И к сожалению, журналисты, плохо понимающие текущий момент и плохо вникающие в ситуацию, тоже заняли такую позицию. Не потому, что они хотели какого-то регрессивного процесса, или какого-то консервативного, или какого-то реакционного, вот так точнее, реакционного процесса, – нет. Но они придумали, что они над схваткой, что очень смешно. Это то же самое, что один человек говорит: «Дважды два – четыре!», а другой говорит: «Да нет, дважды два – восемь!», а журналист говорит: «А я над схваткой». Вот так они были над схваткой.

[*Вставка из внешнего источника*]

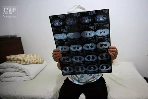 黃阿姨在2013年被診斷出直腸癌,從那時起為看病已經(jīng)花費(fèi)超過27萬。圖為2016年6月22日,北京,黃阿姨展示自己的CT掃描片。
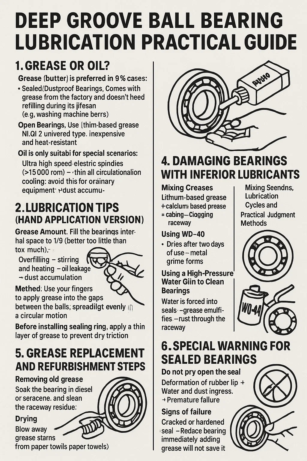 Open Bearing : Gunakan gemuk berbahan dasar litium NLGI 2 tipe universal, murah dan tahan panas.
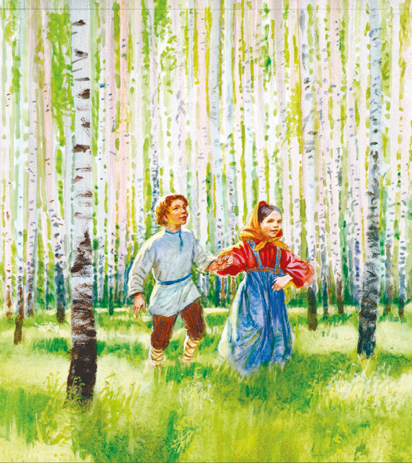 Сестре понравилось предложение брата. Дети бросили азбуки в траву, взялись за руки и скрылись между зелёными кустами, под кудрявыми берёзами. В роще точно было весело и шумно. Птички перепархивали беспрестанно, пели и кричали; белки прыгали по веткам; насекомые суетились в траве.
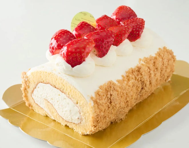 しっとりとしたくちどけの良いスポンジに新鮮な苺を乗せたロールケーキ。
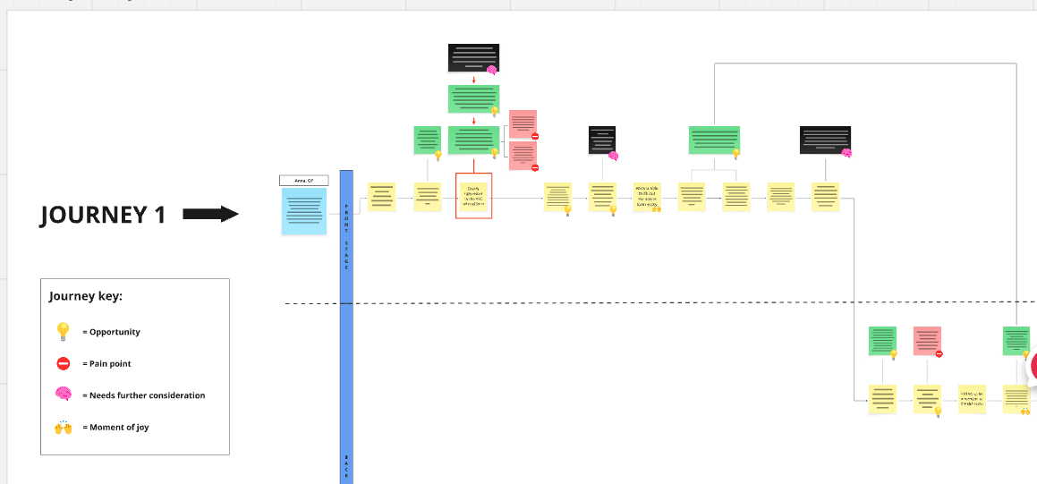 Mapping the end-to-end journey: Working closely with ASC staff, I mapped out how the initial assessment service - referred to as the ‘front door’ - actually operates from start to finish. This meant looking at where online and offline interactions connect, how data moves through the system, which tools and platforms are used, and where staff have to step in manually to keep things moving. Laying this out clearly made it much easier to spot inefficiencies and pinpoint where the experience could be improved for both residents and staff.

А еще расследования. Есть немалое число изданий, которое только и занималось очень серьезными и, я бы так сказал, опасными, глубокими расследованиями. Опасными потому, что люди, некоторые журналисты жизнью платили за эти расследования. Люди читали эти расследования и ожидали, что что-то произойдет, а ничего не происходило. Через две недели они читали следующее расследование, а через две недели еще одно, а потом еще… А потом они просто сказали сами себе: «Ну что это читать-то, все равно ничего не меняется. Мы ни на что не влияем, мы никто в политике и в жизни. Мы должны только устройством, самоустройством в пределах нашего двора, максимум улицы, поселка заниматься, собой», – вот, собственно, и все.
И к этому привела вот такая слабоумная политика постепенно, целенаправленная политика властей и слабоумная политика политиков и журналистов, которые не относились даже к власти и которые были искренни. Вместо того чтобы сказать: «Вот вы видите, какое безобразие происходит? Вот эти исправят это все, вот голосуйте за них, поддерживайте их, мы их будем поддерживать. А потом будем критиковать, когда они к власти придут». Этого же не стали ничего делать.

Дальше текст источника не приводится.